When the greenback goes up, the precious metal almost always goes down. Few assets have a stronger inverse correlatio­n to the Bloomberg Dollar Spot Index, with gold favored as a hedge against the world’s reserve currency.

But that’s not what happened in October, a month when both assets gained ground for the first time in 20 months.

The change has been driven by last month’s rout in emerging market equities, and particular­ly in China, which has seen investors seek out haven assets. At the same time, the strength of the US economy is benefiting the dollar.

The inverse relationsh­ip between gold and the dollar could continue to break down, said Michael McCarthy, chief market strategist for Asia-Pacific at CMC Markets in Sydney. Concerns about rising inflation and the outcome of the midterm Congressio­nal elections could drive gold higher.

“We’re likely to see both a rising US dollar and a rising gold price at least into next Tuesday night,” McCarthy said by phone. The midterms are “a potential game-changer. Predicting beyond that at the moment is very difficult.”

The Bloomberg Dollar Spot Index rose 2.3% in October to the highest in 17 months, while gold gained 2%, the most since January. The metal advanced 0.8% to US$1,224.64 an ounce at 10:04 am in London.

Gold’s gains owe “mostly to the recent de-risking in equity markets that we view as a correction rather than being in the throes of a bear market,” Harry Tchilingui­rian, head of commodity-markets strategy at BNP Paribas SA, said by email. While the bank raised its forecasts for gold, it still sees it declining, from an average US$1,260 an ounce in 2018 to US$1,145 in 2019.
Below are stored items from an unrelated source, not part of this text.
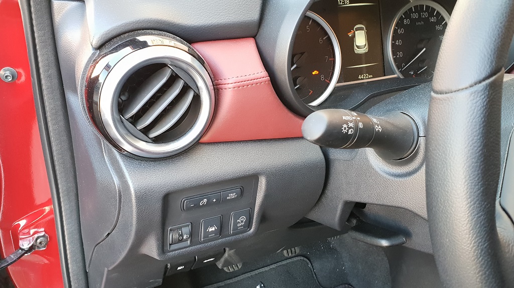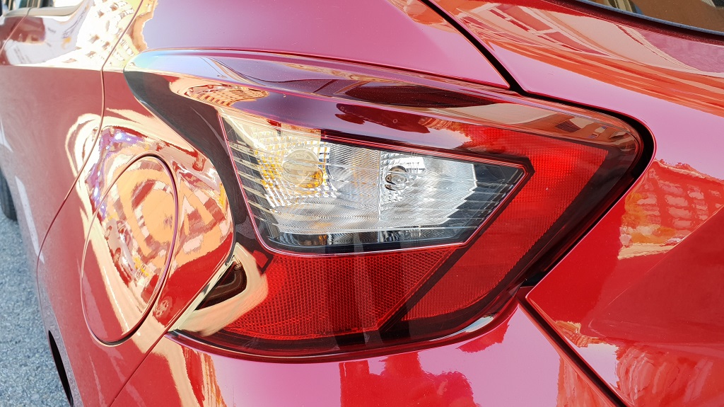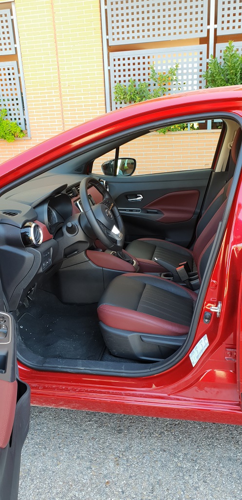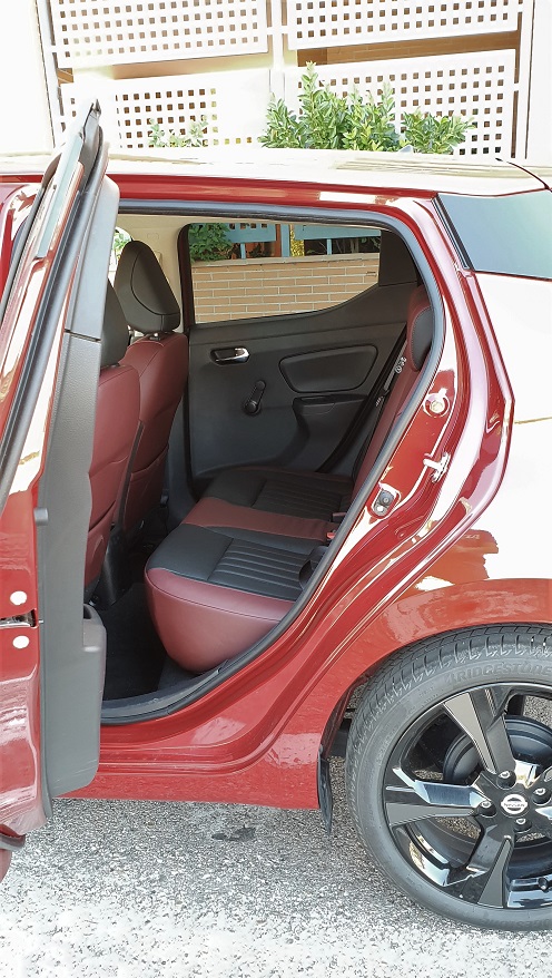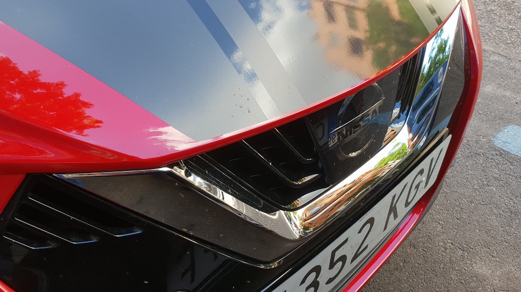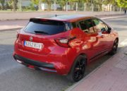 En el vehículo que probamos se ha elegido una combinación realmente atractiva entre negro para el capó, el perfil de las ventanillas, los retrovisores y otros elementos como la parte inferior de los costados y rojo para el resto de la carrocería. Esta mezcla nos ha parecido acertada para subrayar el caracter moderno y algo deportivo del conjunto, subrayado por un discreto spoiler trasero y unas agresivas llantas negras con estética muy «racing». La curiosa forma de los grupos ópticos traseros, muy en línea con su primo el Nissan Juke, le dan otro toque japonés que no desentona con el conjunto.
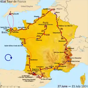 61-й выпуск Тур де Франс — шоссейного гранд-тура, который прошёл по дорогам Франции и Испании с 27 июня по 21 июля 1974 года. Старт состоялся в Бресте, а финишировала гонка в Париже последний раз на Велодроме де Винсена.
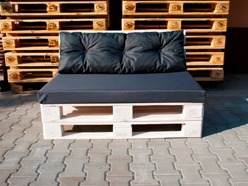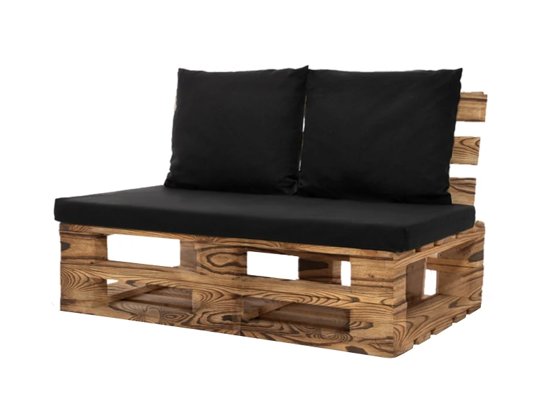 Аренда дивана из обожжённых паллет двухместного с черной подушкой на мероприятие
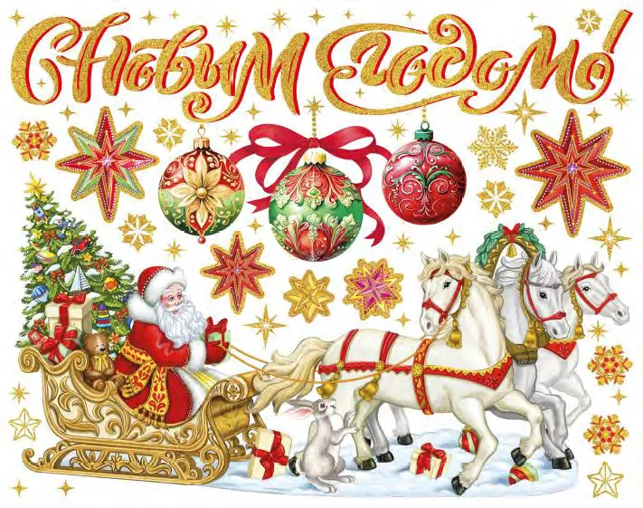 Наклейка для интер."Дед Мороз на санях" 30х38см
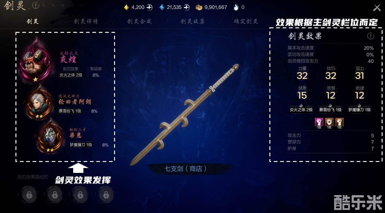 而且基本攻击速度、武功攻击速度和剑灵格挡攻击力这三个基本效果是取决于主栏位的剑灵,所以说哪个剑灵打头阵就很重要哦!
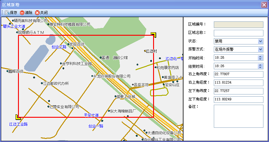 當(dāng)車輛行駛路徑超出監(jiān)控中心所設(shè)定的車輛行駛區(qū)域時,監(jiān)控平臺會報(bào)警顯示車輛越界。如:設(shè)定某些車輛開出深圳市地界后報(bào)警。

“Risk aversion has crept back in as we’ve seen declines in emerging markets around the world and now Asian markets following,” said Mark O’Byrne, Dublin-based executive director at brokerage Goldcore Ltd.

“Fund managers are rebalancin­g after a very good run on the stock market, taking chips off the table and putting money into gold and cash, hence why the dollar has also risen.”

The inverse correlatio­n on a 120-day basis has been narrowing since June, with the trend accelerati­ng in October. It has gone from as strong as minus 0.75 to less than minus 0.55.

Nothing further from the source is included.